For Carson, it was a return to a familiar plea for a more civil discourse, but the context upset some anti-abortion leaders. In interviews, several told POLITICO that they believe Carson is aligned with them on issues but sometimes fails to articulate his position effectively.
“Ben Carson is genuinely pro-life but he has made two important missteps in recent weeks," said Steven Ertelt, president of Colorado Citizens for Life and editor of LifeNews. "What’s worse, when pro-life advocates have challenged him on those statements, Carson appears to blame pro-lifers for them instead of admitting he misspoke or saying he has a genuine disagreement with the pro-life movement on a couple of key issues.
"These gaffes are having a considerable effect," he continued. "At LifeNews.com, we’re hearing from a significant number of pro-life voters who are concerned about how whether he is sufficiently pro-life or understands pro-life issues thoroughly enough to become the nominee. With a field full of solidly pro-life candidates, Carson can’t afford any more blunders or he will see his chances of becoming the nominee fade away.”
Carson began to reframe his comments on the Colorado shooting Monday, in an appearance on Fox News’ "The Kelly File," telling host Megyn Kelly that he had spent his "whole life as a pro-life advocate," citing his many surgeries to save the lives of newborns and children. He said his comments were not intended to paint the entire anti-abortion movement as purveyors of "hateful rhetoric."

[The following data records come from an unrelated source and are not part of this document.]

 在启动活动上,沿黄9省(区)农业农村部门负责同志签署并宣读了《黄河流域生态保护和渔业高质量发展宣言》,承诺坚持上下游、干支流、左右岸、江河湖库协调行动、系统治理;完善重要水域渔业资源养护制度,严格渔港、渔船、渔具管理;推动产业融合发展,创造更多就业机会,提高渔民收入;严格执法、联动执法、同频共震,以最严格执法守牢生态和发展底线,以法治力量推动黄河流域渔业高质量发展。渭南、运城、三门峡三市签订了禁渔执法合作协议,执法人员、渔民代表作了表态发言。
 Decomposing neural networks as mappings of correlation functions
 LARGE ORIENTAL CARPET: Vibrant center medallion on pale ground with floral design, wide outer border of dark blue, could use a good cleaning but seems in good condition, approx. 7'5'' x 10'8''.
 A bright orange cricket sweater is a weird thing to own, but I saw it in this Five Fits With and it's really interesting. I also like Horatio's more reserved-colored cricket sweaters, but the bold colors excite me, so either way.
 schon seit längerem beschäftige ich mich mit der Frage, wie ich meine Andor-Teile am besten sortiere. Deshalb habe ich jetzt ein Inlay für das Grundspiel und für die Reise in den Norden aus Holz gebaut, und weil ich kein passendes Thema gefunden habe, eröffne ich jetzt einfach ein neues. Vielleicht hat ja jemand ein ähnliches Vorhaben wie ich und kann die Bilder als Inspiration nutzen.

"There are some pro-lifers who will say things like 'I can understand why somebody would come into, you know, an abortion clinic and shoot it up,'" he said. "You know, that's kind of over the top. But in terms of saying things like killing babies, I say that myself. That's what it is. You can't sanitize that."
Later that evening, on Facebook – a platform Carson uses frequently to respond to media reports or criticism – he again attempted to defuse the tension.

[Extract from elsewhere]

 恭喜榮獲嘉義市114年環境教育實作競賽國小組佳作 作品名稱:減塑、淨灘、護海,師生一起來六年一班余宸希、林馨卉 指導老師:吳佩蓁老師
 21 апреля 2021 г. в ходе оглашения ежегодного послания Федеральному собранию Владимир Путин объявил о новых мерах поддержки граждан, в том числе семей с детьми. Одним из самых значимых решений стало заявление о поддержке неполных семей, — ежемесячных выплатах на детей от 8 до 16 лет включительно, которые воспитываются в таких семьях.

"Some are twisting my words and I want to be quite clear," Carson said in a Monday night post after referencing the Colorado shooting. "I adamantly condemn the violence. I have no idea why this individual committed these acts. Clearly though, mental health played some role. I was asked about the rhetoric our so-called leaders use. My response dealt with the name calling after the shooting. I responded by saying that everyone in political discourse today shouldn’t hate people for simply believing something different."

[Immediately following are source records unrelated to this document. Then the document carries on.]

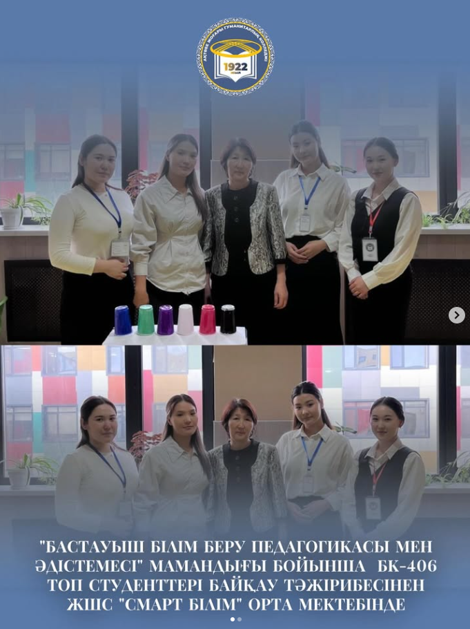 БК-406 топ студенттері байқау тәжірибесінен ЖШС «Смарт білім» орта мектебінде өтуде.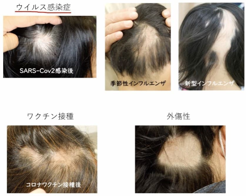 また、頭髪だけではなく、眉毛や体毛も抜ける(汎発型)こともあります。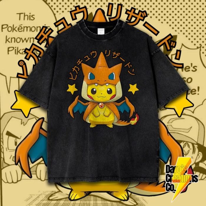 Pikachu Charizard Poncho Pokemon Anime Character Vintage Washed T-Shirt Retro Anime Graphic Tee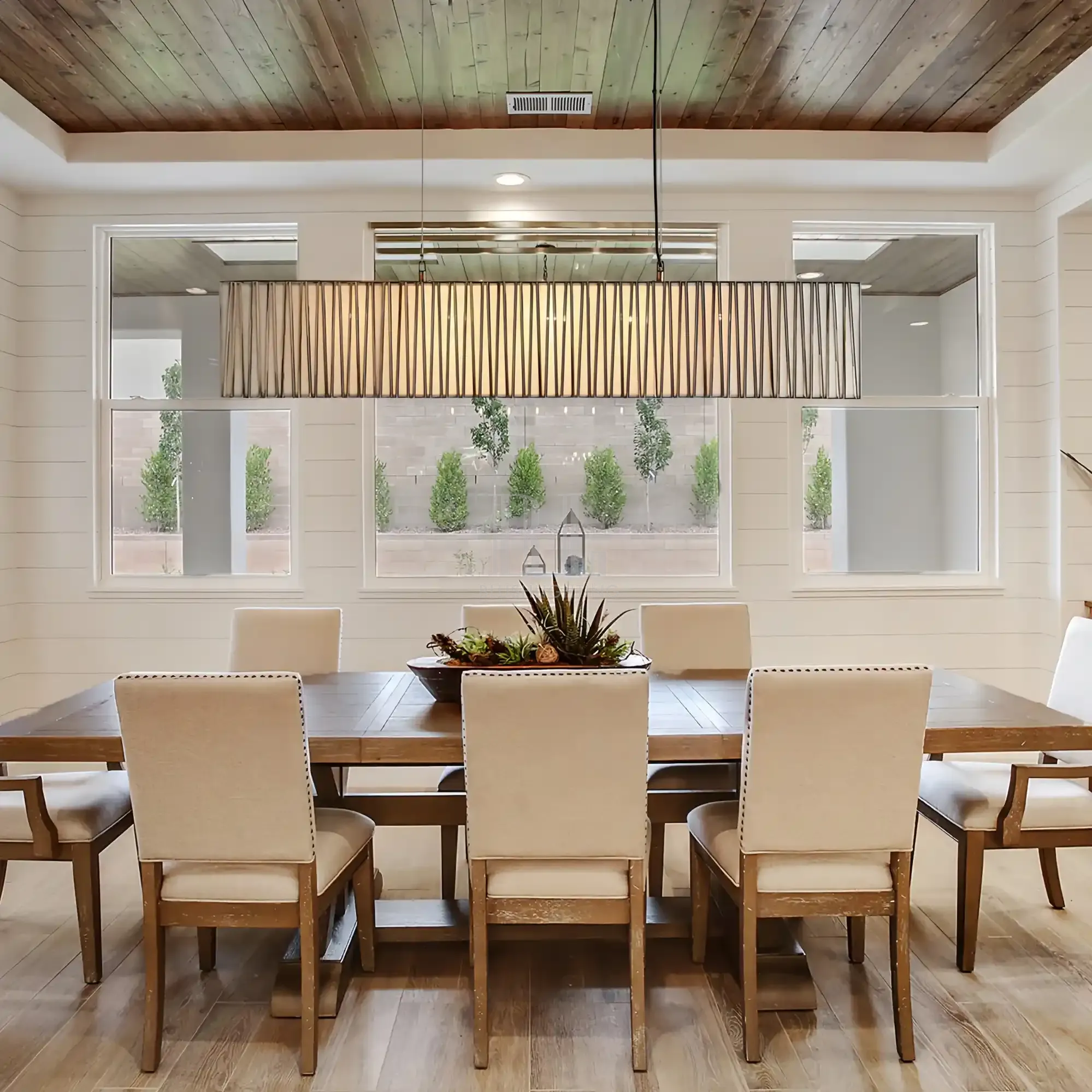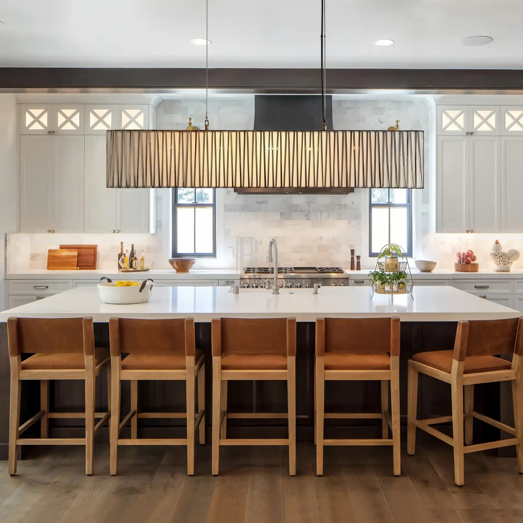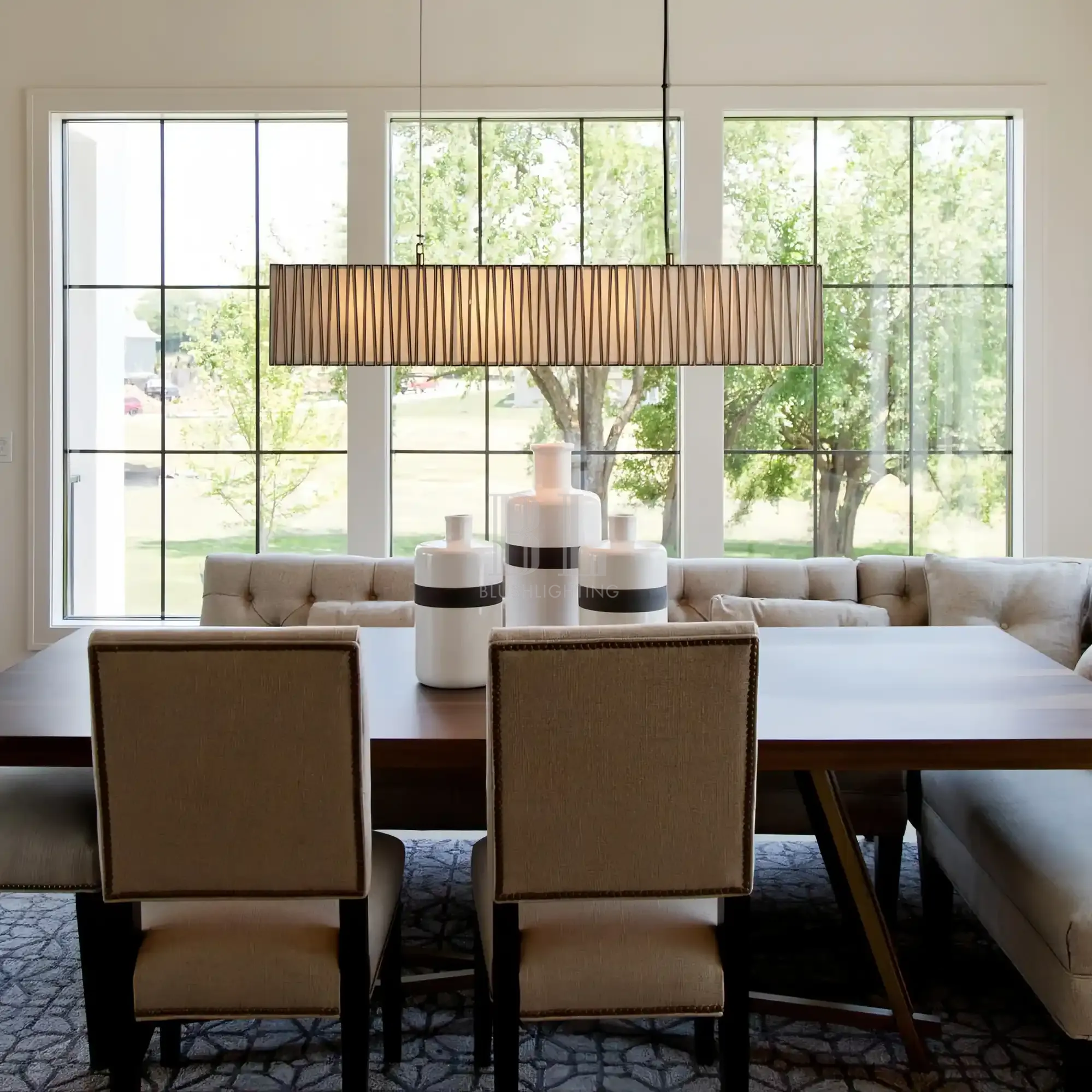 Jean Modern Marble Alabaster Linear Chandelier Over Dining Table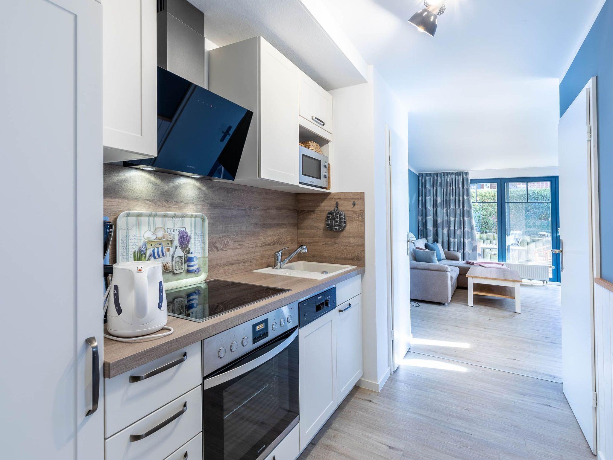 Die moderne offene Küchenzeile ist geschickt integriert und bietet eine umfassende Ausstattung für Ihre sorgenfreie Selbstversorgung.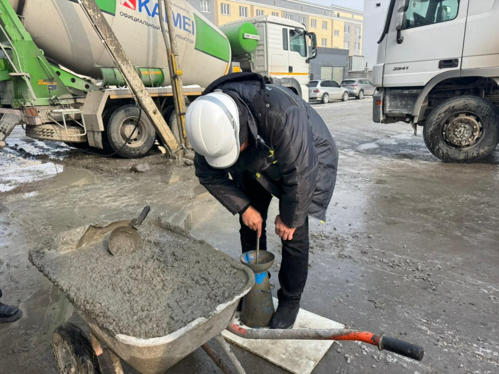 Текшерүүнүн жүрүшүндө адистер технологиялык процесс жана жабдуулардын техникалык абалы менен таанышып, ошондой эле лабораториялык сыноолор үчүн бетондон куб формасындагы үлгүлөрдү алды.

“Some people have twisted my words to say somehow our strong beliefs caused this tragedy," he continued. "That is absurd."
With his polls numbers slipping and rivals like Cruz gaining among evangelical voters, Carson moved Wednesday to bolster his standing by rolling out endorsements from pastors from around the country -- an event in South Carolina that came a week after he appointed Liberty University's Johnnie Moore as a "special faith adviser," and one day after he named a Las Vegas pastor as his Nevada campaign chairman.
Moore did not respond to requests for comment.
While Carson’s missteps may have tarnished an otherwise sterling brand among Christian conservatives, the existing reservoir of goodwill leaves many willing to give him the benefit of the doubt. Penny Nance, CEO of Concerned Women for America, said Carson is a "man of good character" who appeared to be "underserved, perhaps, by staff that should be briefing him more clearly on these issues."
Nance observed that Carson's status as an outsider in the presidential field is double-edged: it attracts voters sick of the status quo, but it also means he hasn't been in the political trenches with abortion opponents and learned the language of the movement.
"Being an outsider is good and it’s bad," she said. "I think this is indicative of where it hurts you not to really be someone who has come up in the movement and has worked on a day to day basis with these issues."